■ WORK INSTRUCTIONS ■
The answer must consist only of the lines in the records below from the line with "Bell Model 51870" to the line with "This is a 2020", both included, copied word for word with every picture left out.
*** Opening GIVEN DATA ***
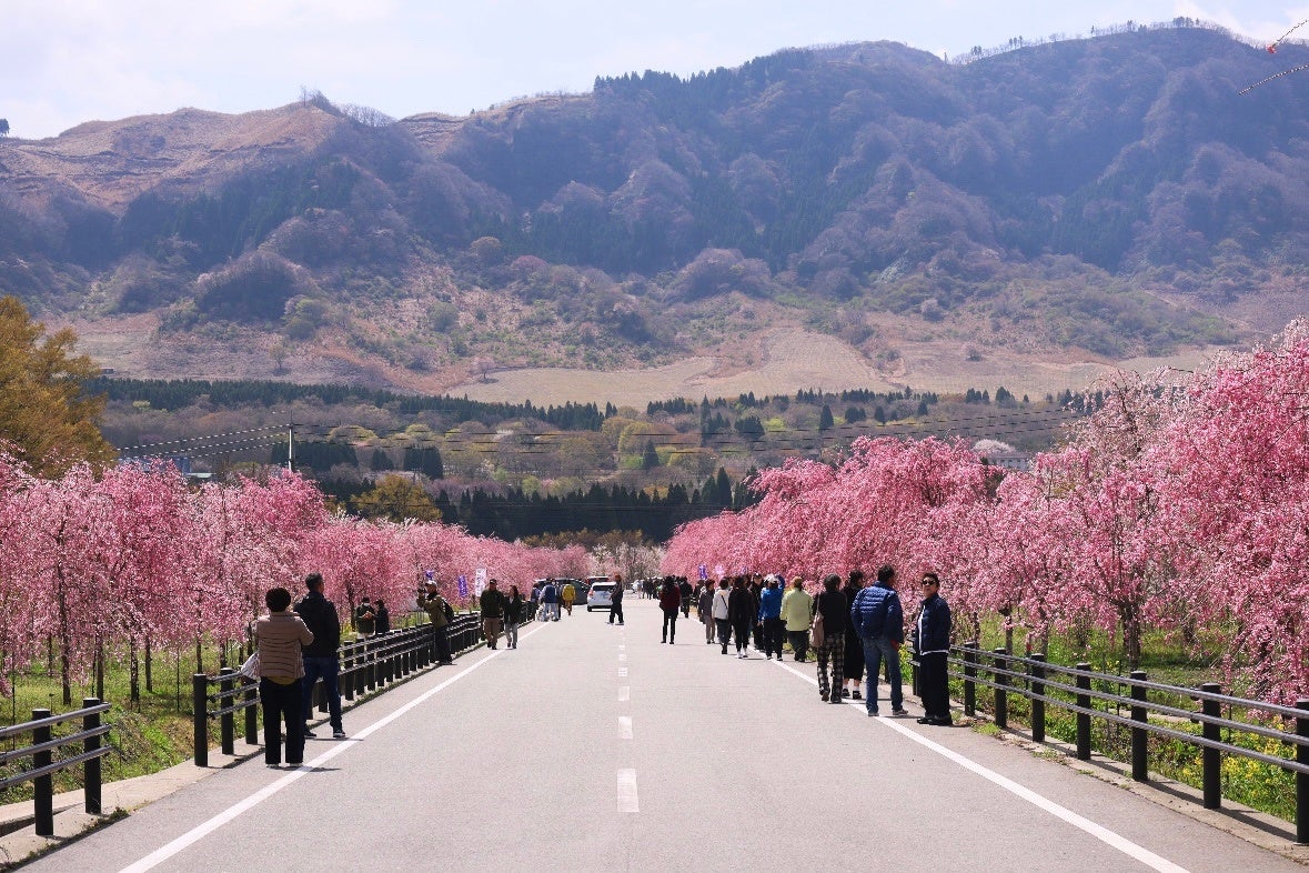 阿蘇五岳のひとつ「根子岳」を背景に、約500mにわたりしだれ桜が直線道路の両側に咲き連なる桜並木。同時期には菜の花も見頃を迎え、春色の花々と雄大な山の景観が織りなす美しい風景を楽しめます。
*** Closing GIVEN DATA ***
*** Opening GIVEN DATA ***
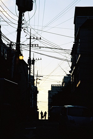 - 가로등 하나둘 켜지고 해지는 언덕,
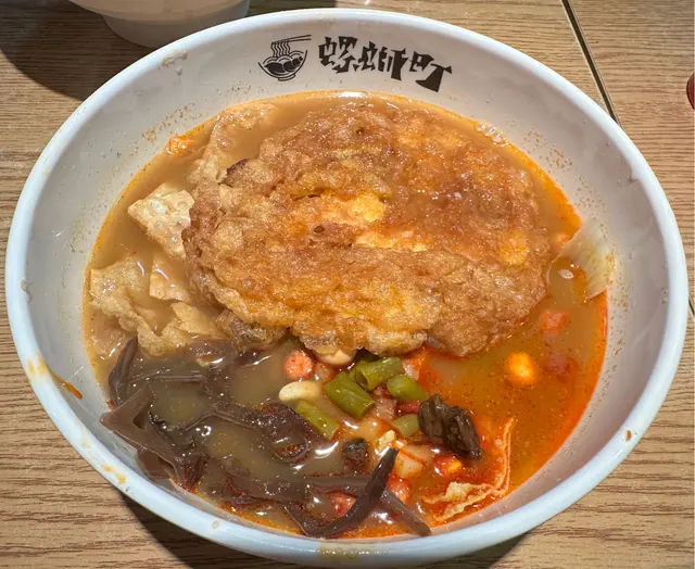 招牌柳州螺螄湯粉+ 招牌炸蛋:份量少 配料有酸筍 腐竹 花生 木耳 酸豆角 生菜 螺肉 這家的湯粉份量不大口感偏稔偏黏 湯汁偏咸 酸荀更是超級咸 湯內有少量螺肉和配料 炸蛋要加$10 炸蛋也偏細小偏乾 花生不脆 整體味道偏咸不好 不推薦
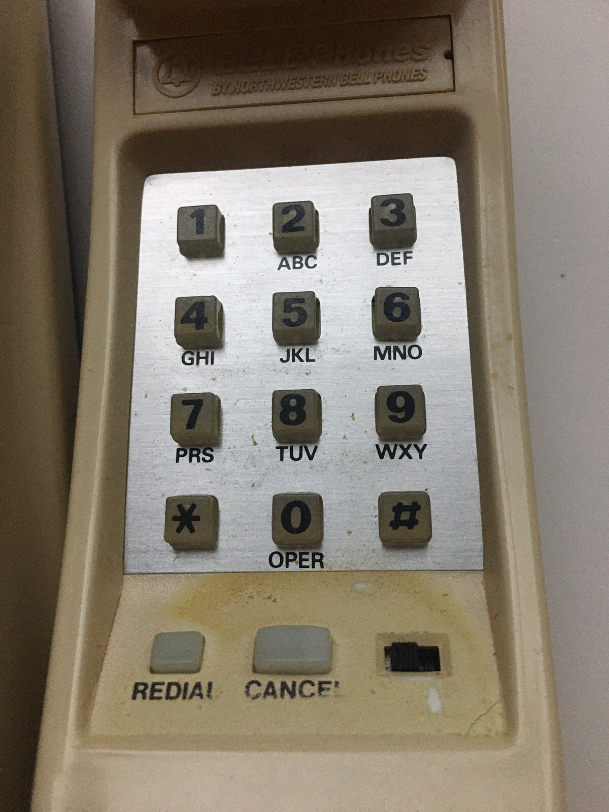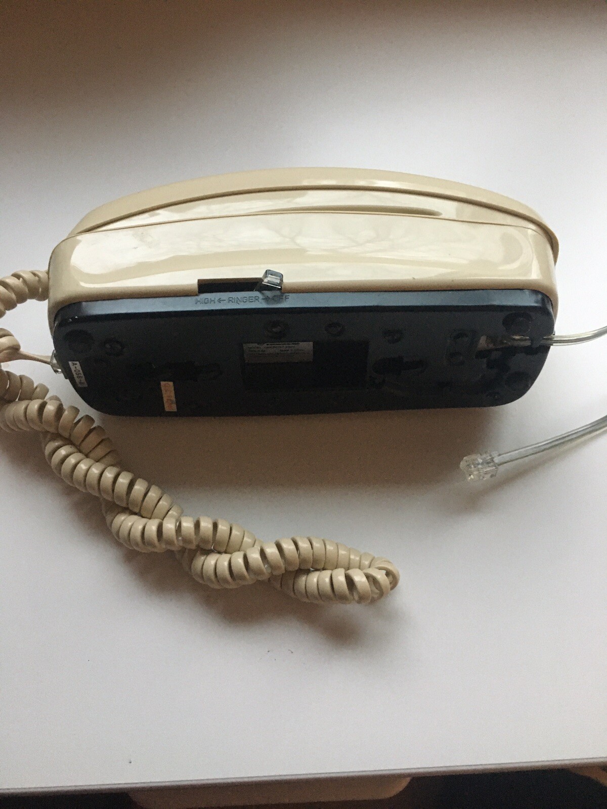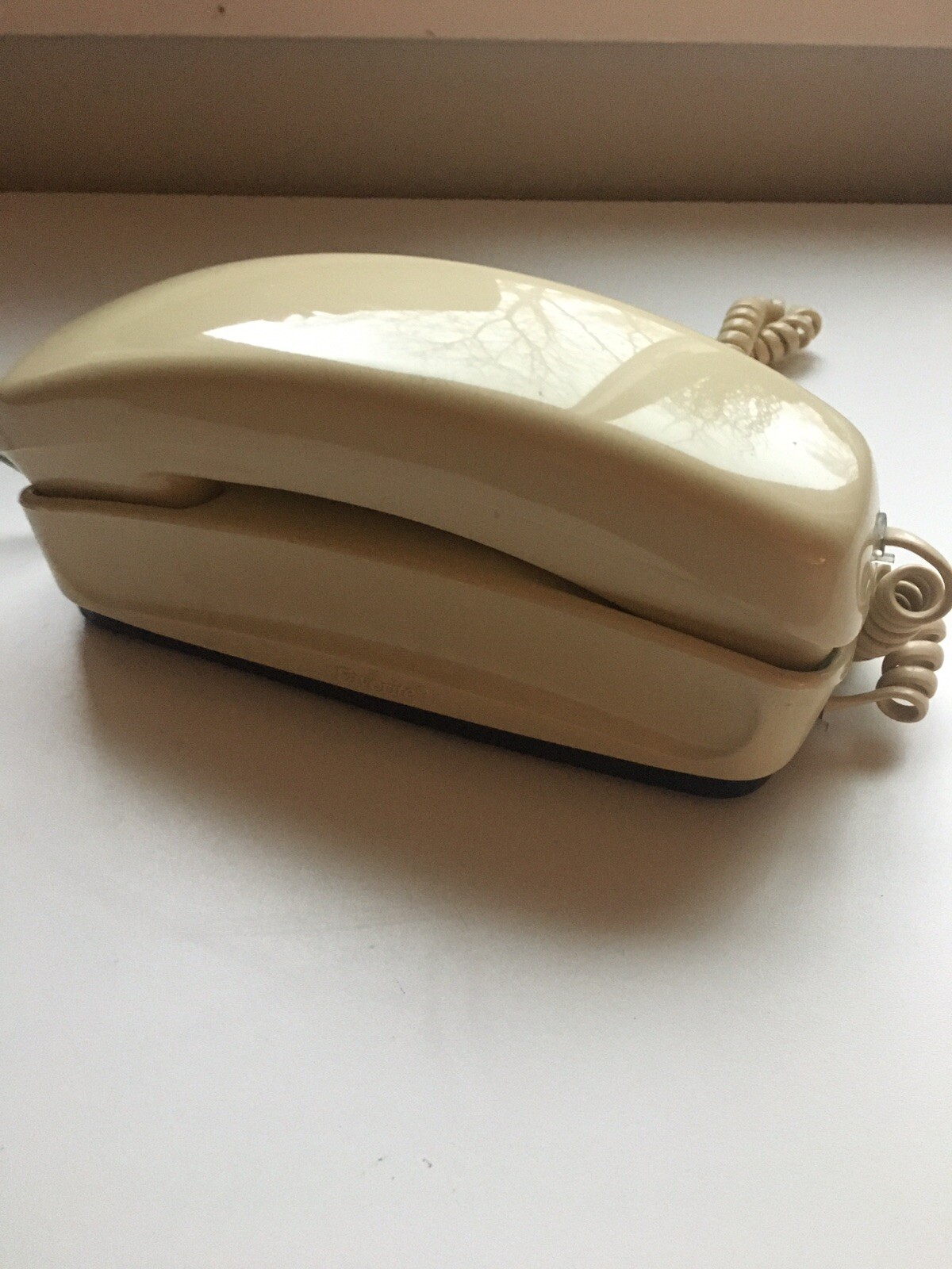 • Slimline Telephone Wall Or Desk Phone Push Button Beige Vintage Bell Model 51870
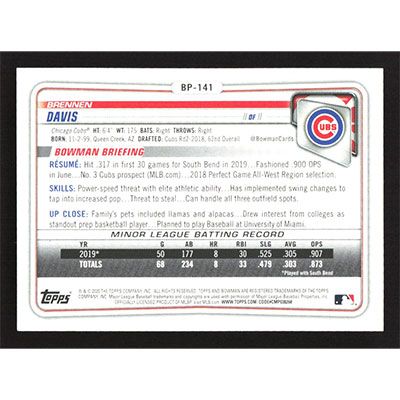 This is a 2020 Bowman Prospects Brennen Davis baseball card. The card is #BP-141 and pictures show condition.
*** Closing GIVEN DATA ***
■ OUTPUT FOR THIS TASK ■
 • Slimline Telephone Wall Or Desk Phone Push Button Beige Vintage Bell Model 51870
 This is a 2020 Bowman Prospects Brennen Davis baseball card. The card is #BP-141 and pictures show condition.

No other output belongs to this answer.